◆ **Extracted records**
- Opening Delimiter -

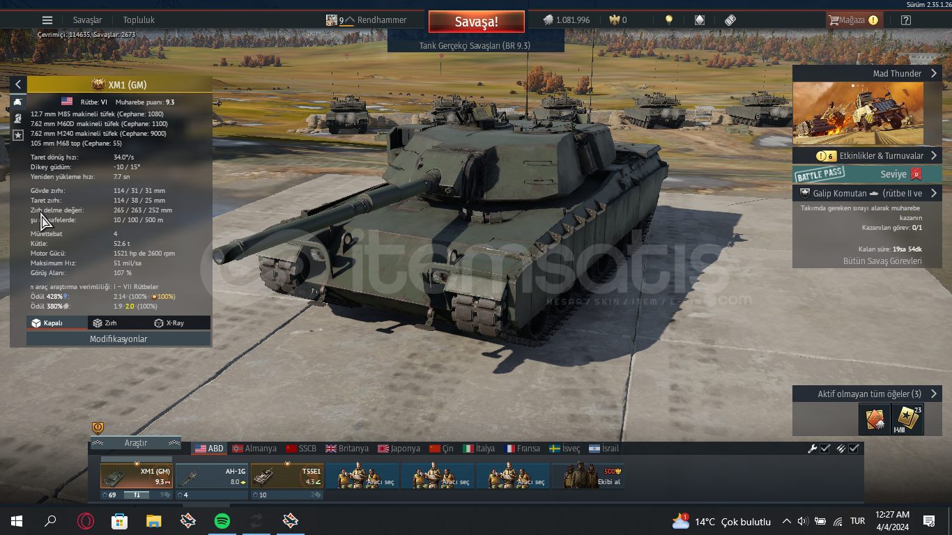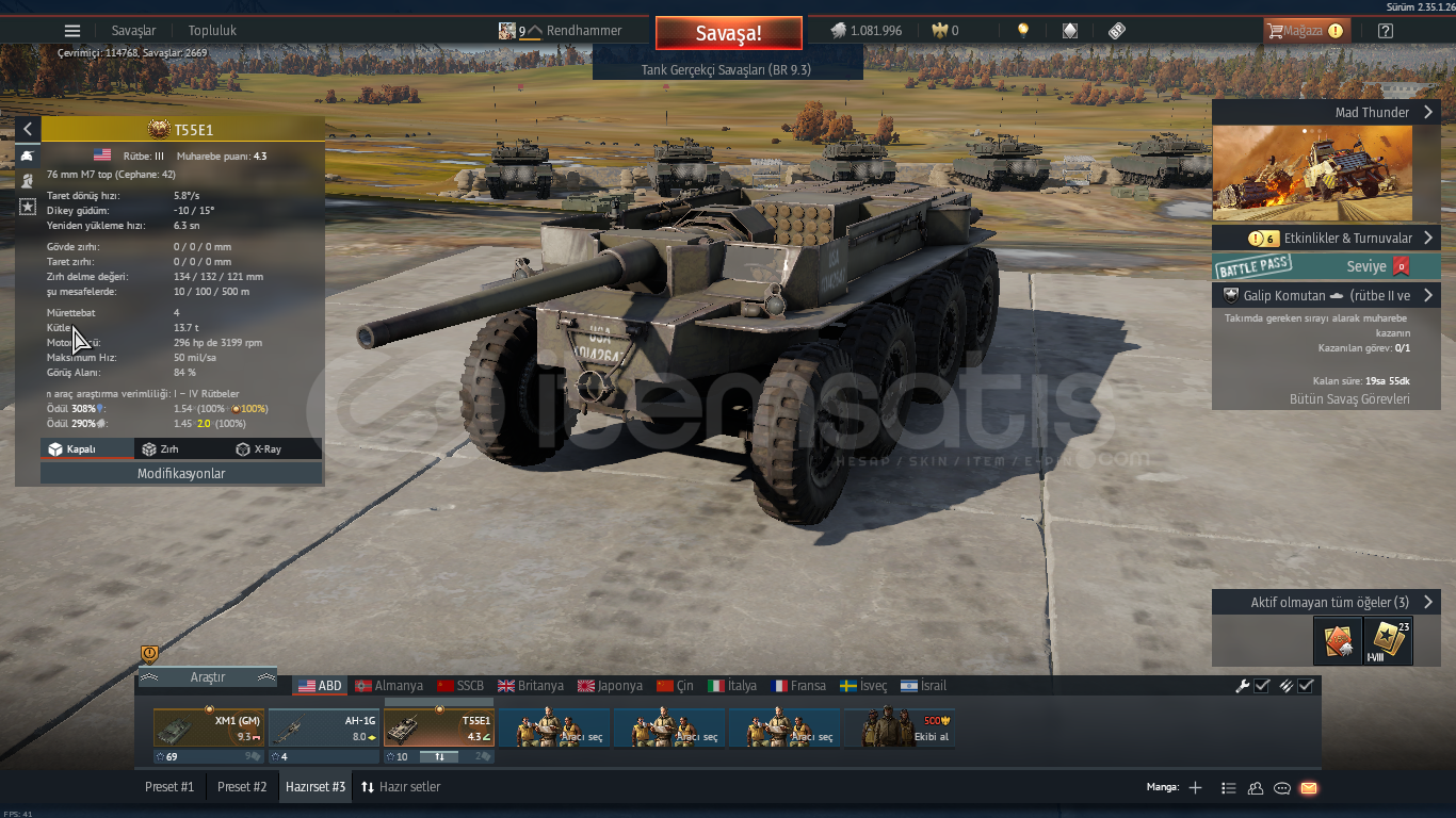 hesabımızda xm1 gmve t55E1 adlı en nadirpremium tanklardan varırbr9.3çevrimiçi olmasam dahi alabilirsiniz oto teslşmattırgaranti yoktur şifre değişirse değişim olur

- Closing Delimiter -
- Opening Delimiter -

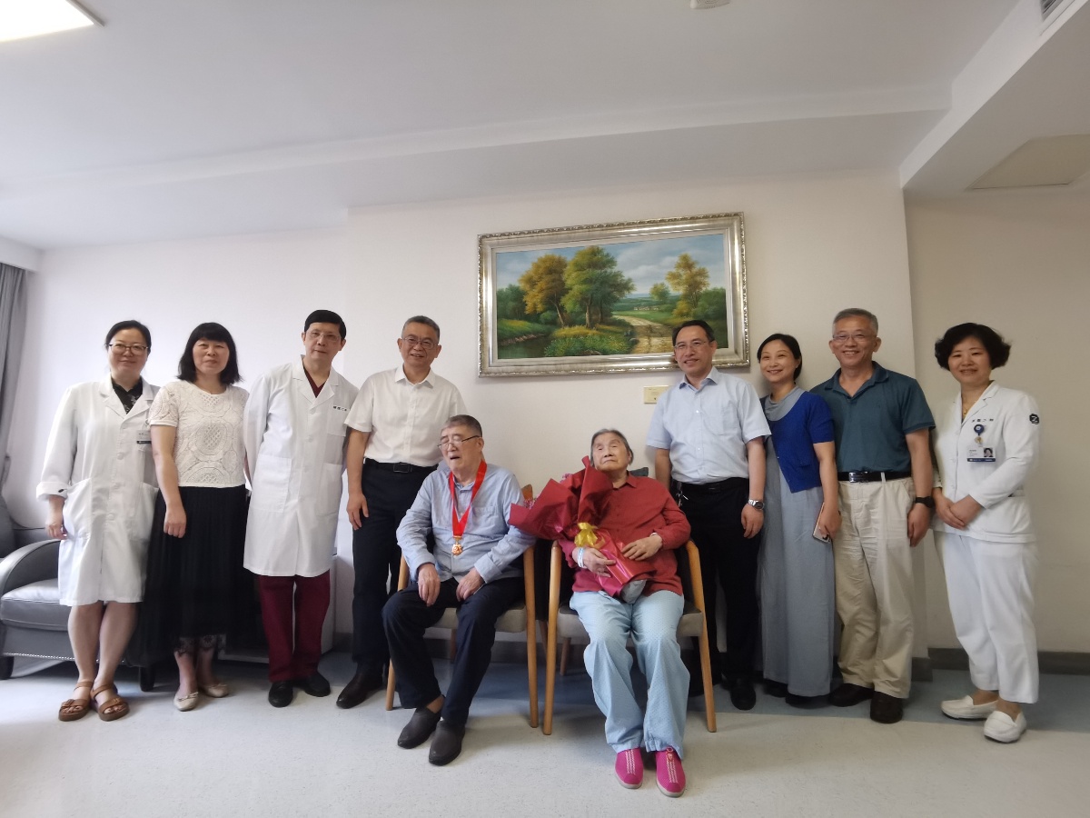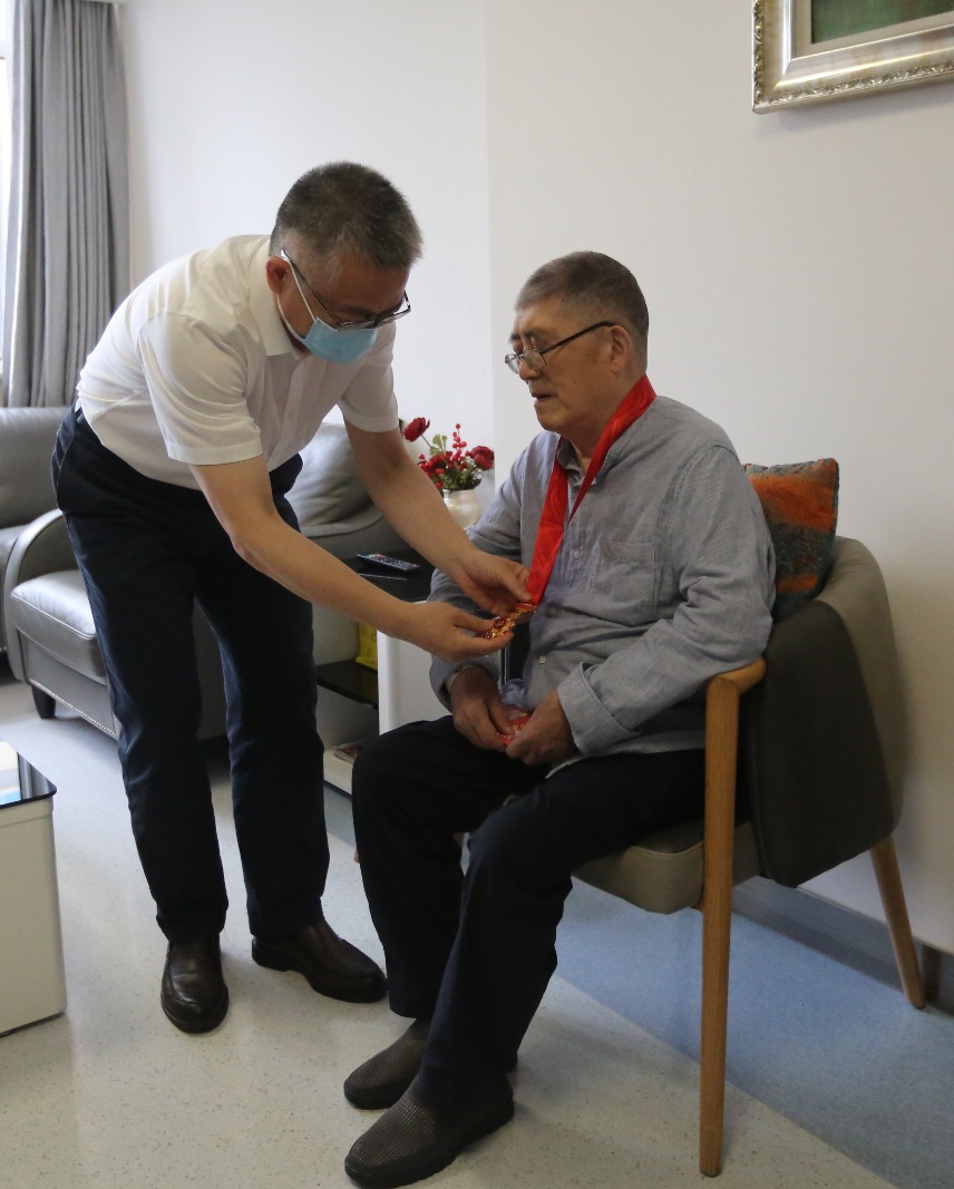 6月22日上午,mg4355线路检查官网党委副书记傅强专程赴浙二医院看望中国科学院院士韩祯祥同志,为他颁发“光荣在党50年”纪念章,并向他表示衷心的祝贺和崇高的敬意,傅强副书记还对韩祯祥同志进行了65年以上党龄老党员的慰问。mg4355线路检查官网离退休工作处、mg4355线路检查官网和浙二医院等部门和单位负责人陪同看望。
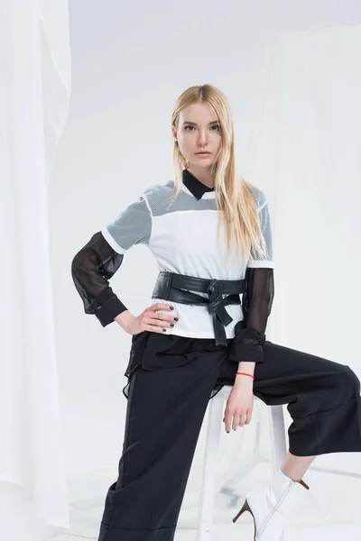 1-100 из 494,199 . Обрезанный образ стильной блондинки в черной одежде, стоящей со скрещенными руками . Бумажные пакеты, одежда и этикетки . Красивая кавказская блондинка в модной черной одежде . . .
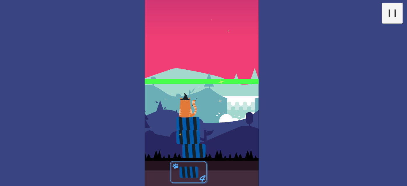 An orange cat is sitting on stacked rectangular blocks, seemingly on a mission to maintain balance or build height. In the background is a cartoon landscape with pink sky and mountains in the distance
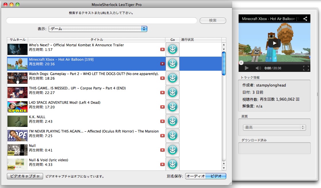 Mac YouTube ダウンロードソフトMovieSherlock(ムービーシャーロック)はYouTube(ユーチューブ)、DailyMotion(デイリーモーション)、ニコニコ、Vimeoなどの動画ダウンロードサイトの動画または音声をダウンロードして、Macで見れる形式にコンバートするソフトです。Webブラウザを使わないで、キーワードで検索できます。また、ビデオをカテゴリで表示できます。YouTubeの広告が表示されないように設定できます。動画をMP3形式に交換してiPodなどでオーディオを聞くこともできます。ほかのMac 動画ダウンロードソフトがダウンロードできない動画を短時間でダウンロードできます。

- Closing Delimiter -
- Opening Delimiter -

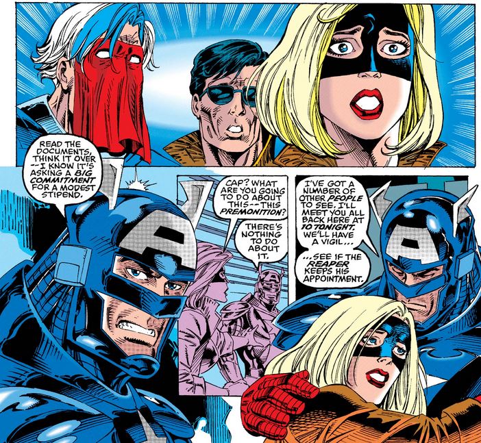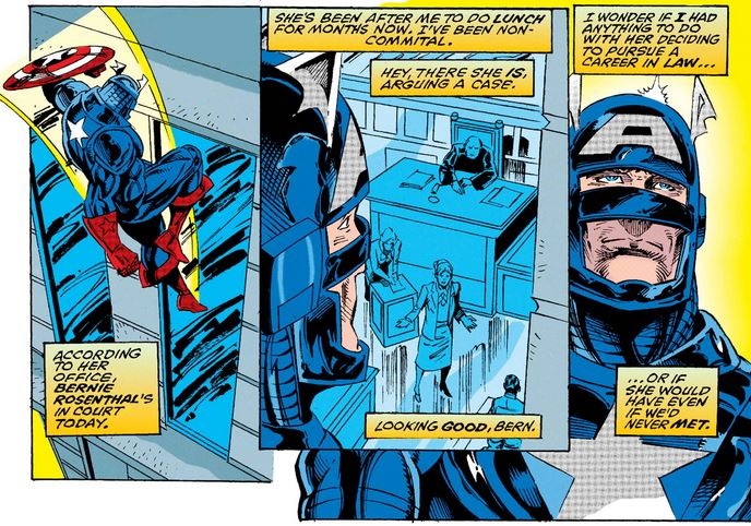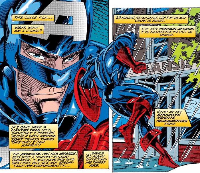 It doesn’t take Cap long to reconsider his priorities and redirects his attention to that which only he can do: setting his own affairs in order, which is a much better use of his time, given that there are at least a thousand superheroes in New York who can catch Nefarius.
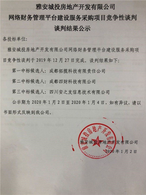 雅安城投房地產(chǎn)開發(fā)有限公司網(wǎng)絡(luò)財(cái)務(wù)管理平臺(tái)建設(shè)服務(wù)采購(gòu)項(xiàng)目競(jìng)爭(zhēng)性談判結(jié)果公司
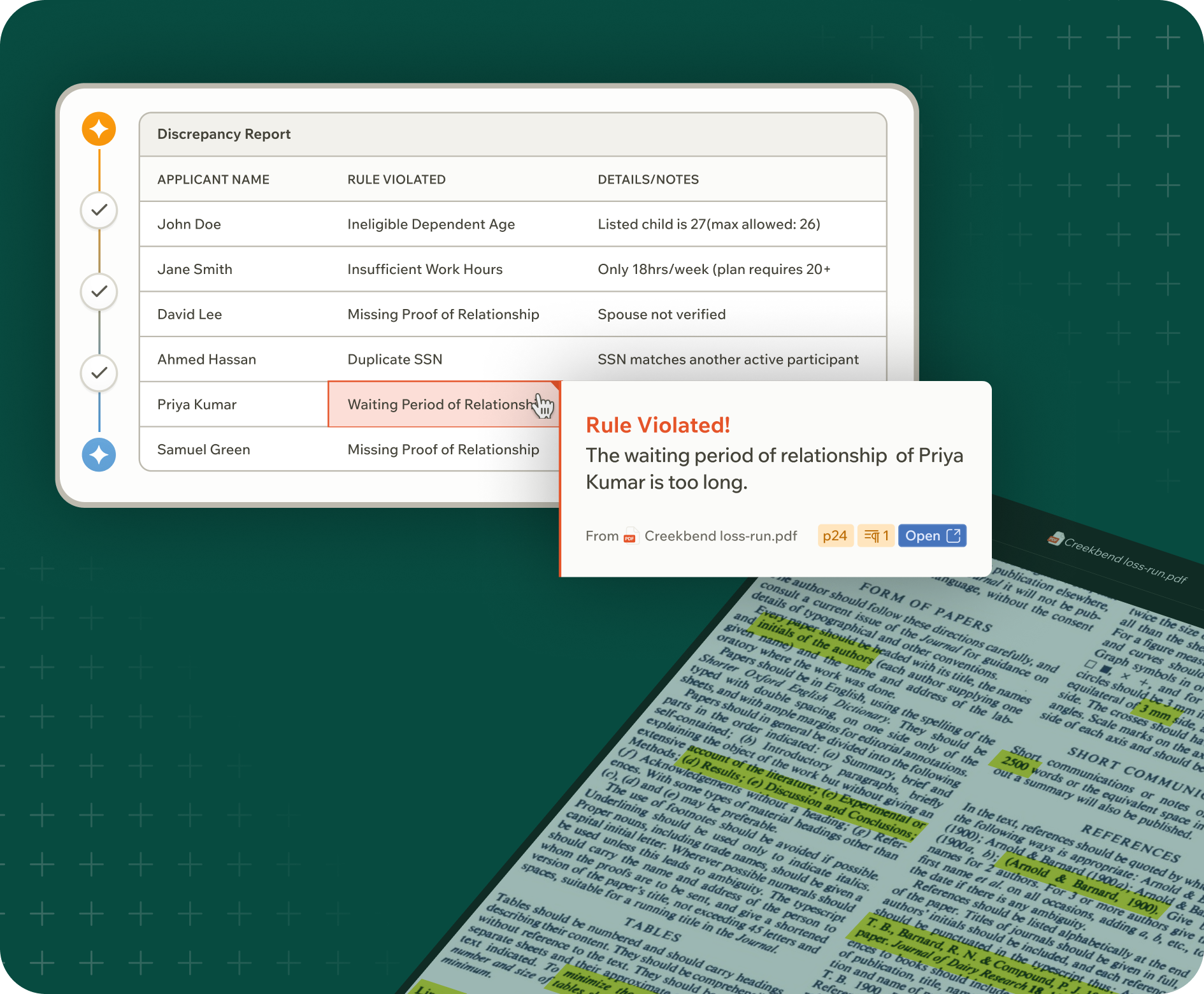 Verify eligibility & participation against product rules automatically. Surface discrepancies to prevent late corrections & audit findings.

- Closing Delimiter -

◆ **Task to complete**
Copy out exactly the material that runs from the line with "It doesn’t take" to the line with "雅安城投房地產(chǎn)開", ends included, and leave the pictures behind.

◆ **Output for this exercise**
 It doesn’t take Cap long to reconsider his priorities and redirects his attention to that which only he can do: setting his own affairs in order, which is a much better use of his time, given that there are at least a thousand superheroes in New York who can catch Nefarius.
 雅安城投房地產(chǎn)開發(fā)有限公司網(wǎng)絡(luò)財(cái)務(wù)管理平臺(tái)建設(shè)服務(wù)采購(gòu)項(xiàng)目競(jìng)爭(zhēng)性談判結(jié)果公司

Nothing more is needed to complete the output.